SUPPLIED ENTRIES -
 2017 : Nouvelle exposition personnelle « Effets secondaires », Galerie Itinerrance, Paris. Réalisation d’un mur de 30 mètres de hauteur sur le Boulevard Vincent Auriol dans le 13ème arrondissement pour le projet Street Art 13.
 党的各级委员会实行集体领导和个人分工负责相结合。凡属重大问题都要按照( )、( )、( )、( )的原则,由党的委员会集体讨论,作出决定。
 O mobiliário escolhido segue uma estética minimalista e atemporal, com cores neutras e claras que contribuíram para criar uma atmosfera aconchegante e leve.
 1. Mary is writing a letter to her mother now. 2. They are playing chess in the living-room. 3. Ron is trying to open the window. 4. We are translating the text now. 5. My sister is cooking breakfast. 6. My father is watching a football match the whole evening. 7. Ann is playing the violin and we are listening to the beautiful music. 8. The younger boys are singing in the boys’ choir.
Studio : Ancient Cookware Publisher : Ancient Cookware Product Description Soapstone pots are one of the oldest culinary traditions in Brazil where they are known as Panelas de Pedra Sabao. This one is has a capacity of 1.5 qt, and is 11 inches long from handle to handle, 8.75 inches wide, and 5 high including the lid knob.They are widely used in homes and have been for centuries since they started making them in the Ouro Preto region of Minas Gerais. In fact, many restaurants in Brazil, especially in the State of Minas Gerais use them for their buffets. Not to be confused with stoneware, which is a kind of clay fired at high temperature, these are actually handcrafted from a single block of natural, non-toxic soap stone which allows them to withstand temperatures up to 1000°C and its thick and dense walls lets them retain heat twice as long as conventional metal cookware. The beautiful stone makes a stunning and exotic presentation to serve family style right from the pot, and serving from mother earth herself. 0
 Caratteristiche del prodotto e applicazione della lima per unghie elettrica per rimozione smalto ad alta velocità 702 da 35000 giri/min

REQUIRED WORK -
Starting with the line that contains "Studio : Ancient", return each line through the last one of the data above, exactly as written and nothing more.

EXERCISE RESPONSE -
Studio : Ancient Cookware Publisher : Ancient Cookware Product Description Soapstone pots are one of the oldest culinary traditions in Brazil where they are known as Panelas de Pedra Sabao. This one is has a capacity of 1.5 qt, and is 11 inches long from handle to handle, 8.75 inches wide, and 5 high including the lid knob.They are widely used in homes and have been for centuries since they started making them in the Ouro Preto region of Minas Gerais. In fact, many restaurants in Brazil, especially in the State of Minas Gerais use them for their buffets. Not to be confused with stoneware, which is a kind of clay fired at high temperature, these are actually handcrafted from a single block of natural, non-toxic soap stone which allows them to withstand temperatures up to 1000°C and its thick and dense walls lets them retain heat twice as long as conventional metal cookware. The beautiful stone makes a stunning and exotic presentation to serve family style right from the pot, and serving from mother earth herself. 0
 Caratteristiche del prodotto e applicazione della lima per unghie elettrica per rimozione smalto ad alta velocità 702 da 35000 giri/min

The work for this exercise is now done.